Run (need to be root):

```bash
$ tiexec echo -e "Hi, I am loaded by tiexec ❤️\n"
Hi, I am loaded by tiexec ❤️
```

Now let's have a try on TiDB-Server:

```bash
$ tiexec ./tidb-server # args is following...
```

Here is the memory maps when `tidb-server` reaches its entry point:

```bash
$ cat /proc/$pid_of_tidb_server/maps
00400000-0579a000 r-xp 00000000 00:2d 370 /mnt/down/tarball/tidb-server
05999000-060b3000 rw-p 05399000 00:2d 370 /mnt/down/tarball/tidb-server
... ...
$ cat /proc/$pid_of_tidb_server/numa_maps
00400000 default file=/mnt/down/tarball/tidb-server mapped=21402 active=1 N0=21402 kernelpagesize_kB=4
05999000 default file=/mnt/down/tarball/tidb-server anon=1 dirty=1 N0=1 kernelpagesize_kB=4
... ...
```

We can see that the .text segment of `tidb-server` is very large, ~83.6 MB, and it takes about *21402* * 4KB-pages to map them.

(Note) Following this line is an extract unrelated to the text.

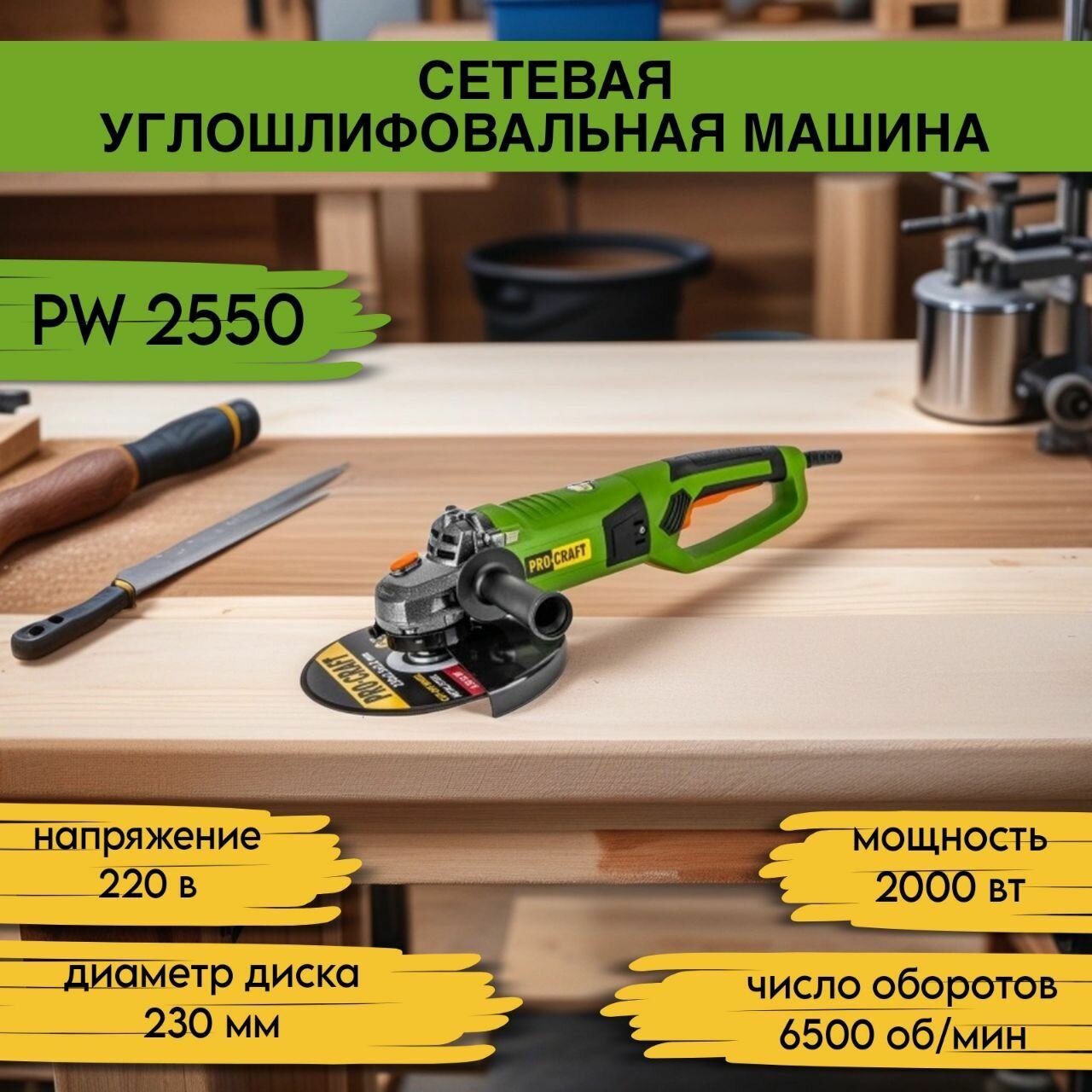 Углошлифовальная машина болгарка Procraft PW 2550, 230мм круг, 2550Вт, 6500об/мин

And here is after `tiexec` optimized:

```bash
$ cat /proc/$pid_of_tidb_server/maps
00400000-05600000 r-xp 00000000 00:0e 454903 /anon_hugepage (deleted)
05600000-0579a000 r-xp 00000000 00:00 0
05999000-060b3000 rw-p 05399000 00:2d 370 /mnt/down/tarball/tidb-server
... ...
$ cat /proc/$pid_of_tidb_server/numa_maps
00400000 default file=/anon_hugepage\040(deleted) huge anon=41 dirty=41 N0=41 kernelpagesize_kB=2048
05600000 default anon=410 dirty=410 N0=410 kernelpagesize_kB=4
05999000 default file=/mnt/down/tarball/tidb-server anon=1 dirty=1 N0=1 kernelpagesize_kB=4
... ...
```

Now it takes only *451* pages to map them, i.e. *41* * 2MB-hugepages and *410* * 4KB-pages.

```python
>>> 451/21402.0 - 1
-0.9789272030651341
```

And further more, for many occasions, these *410* * 4KB-pages still could be optimized into one 2MB-hugepage. And that would be:

```python
>>> 42/21402.0 - 1
-0.9980375665825624
```

# Design

Basically, TiExec try to re-mmap the .text area of one process to hugepages (as much area as possible).

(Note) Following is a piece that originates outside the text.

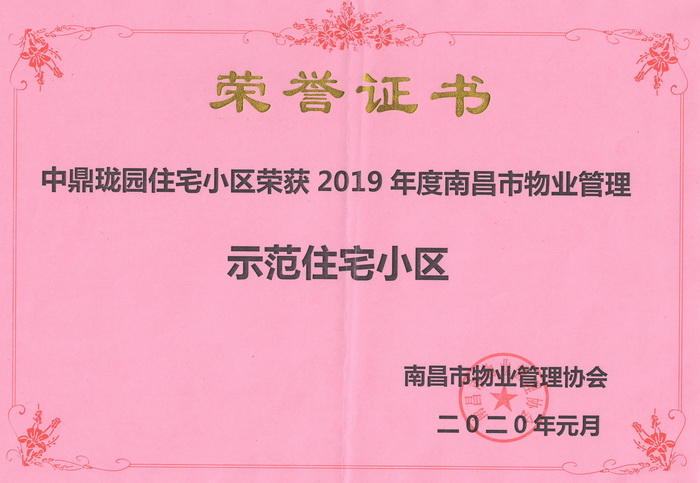 2019年12月11日,南昌市物業(yè)管理協(xié)會(huì)發(fā)布《關(guān)于通報(bào)表彰2019年度南昌市物業(yè)管理示范項(xiàng)目的通知》,高能物業(yè)服務(wù)的君悅府項(xiàng)目、中鼎瓏園項(xiàng)目名列其中,雙雙榮獲“2019年度南昌市物業(yè)管理示范住宅小區(qū)”稱號(hào)。2020年1月4日在泰納克酒店舉行了隆重的授牌儀式。

For example, if one .text segment of a process has a range of 0x5ff000 - 0xc10000, TiExec will re-mmap this big area into 3 small areas:

```bash
0x5ff000 - 0x600000 # 1 * 4KB Page
0x600000 - 0xc00000 # 3 * 2MB Pages
0xc00000 - 0xc10000 # 16 * 4KB Pages
```

Something like this:

![conservative-strategy](doc/img/conservative-strategy.png)

Here is how TiExec do such re-mmap stuff in userspace:

![procedure](doc/img/procedure-draft.png)

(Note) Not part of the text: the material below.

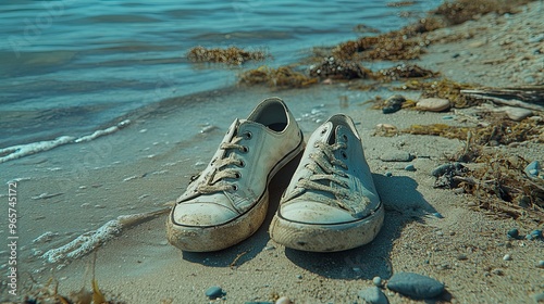 34. A pair of shoes left behind on a deserted beach, departure, abandoned path in life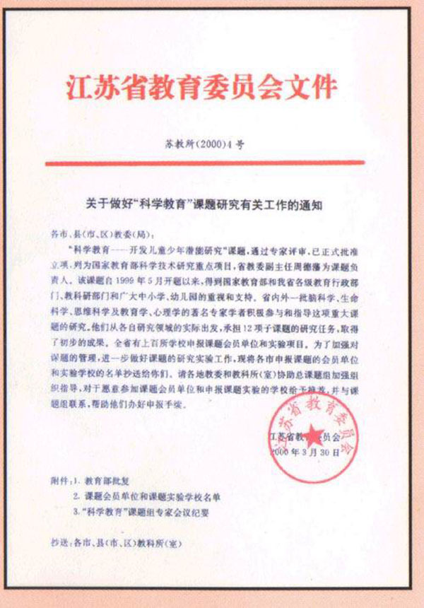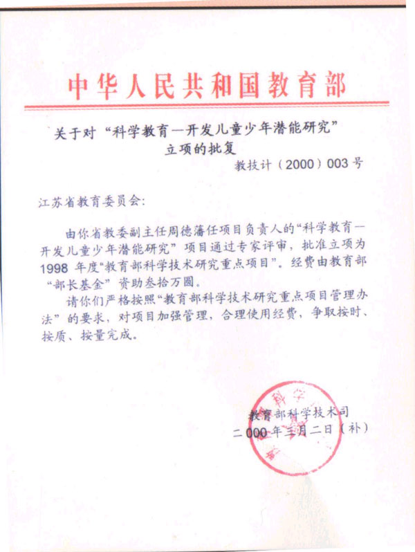"科学教育——开发儿童少年潜能研究"是国家教育部的重点研究课题。该课题根据李岚清副总理的指示精神提出,经教育部批准立项,由江苏省教委承担。教育部副部长韦钰亲任课题高级顾问。1999年5月24日教育部在南京大学正式宣布该课题开题.根据教育部领导的指示精神,课题研究实行脑科学与教育学结合,理论与实践结合,省内与省外结合,国内与国外结合,实验周期为十年。图为韦钰副部长在"科学教育"开题报告会上。

1. TiExec Tracer start the program it wants to optimize as a `ptrace` Tracee, and Tracee blocks at its entry point.
2. Tracer saves the registers' state of Tracee.
3. Tracer fork and exec the TiExec Helper with pipes ready.
4. Helper analyze the Tracee's memory layout and make snapshots on the memory areas it want to re-mmap.
5. Helper tells the Tracer the syscall lists it want the Tracee to execute, and setup the executing environment for Tracee.
6. Tracer controlls Tracee to make these syscalls (something like munmap 4KB pages and mmap 2MB hugepage again).
7. Helper restores data on newly remmaped areas.
8. Tracer restores the registers' state of Tracee which is saved at Step 2.
9. Tracer detach Tracee and wait Tracee to exit.

The executing environment of Tracee at Step 5 is like below:

```bash
0000000000000000 :
0: 48 c7 c0 e7 00 00 00 mov rax,0xe7 # exit_group
7: 48 c7 c7 01 00 00 00 mov rdi,0x1 # exit_group(1)
e: 0f 05 syscall
10: eb ee jmp 0 # jmp rel8(-18)
```

The point is, every time Tracee blocks at enter-syscall, Tracer will replace the syscall `exit_group` as the syscall in the list which is decided by Helper in Step 4. And when Tracee block at return from syscall, Tracer would check the return value. If the syscall is sucess then everything is fine, otherwise there would be some error handling.

# TODO

Suport something like `runuser`.

Support Linux ARM64.

Support something like `GODEBUG`.

Support re-mmap on dynamic loading library.

Support more aggresive strategy about memory area "splitting". For the .text segment range of 0x5ff000 - 0xc10000, we could have:

```bash
0x400000 - 0xe00000 # 5 * 2MB Pages
```

Something like this:

![aggressive-strategy](doc/img/aggressive-strategy.png)

# Copyright and License

Copyright (C) 2021, by Sen Han [<[email protected]>](mailto:[email protected]).

Under the Apache License, Version 2.0.

See the [LICENSE](LICENSE) file for details.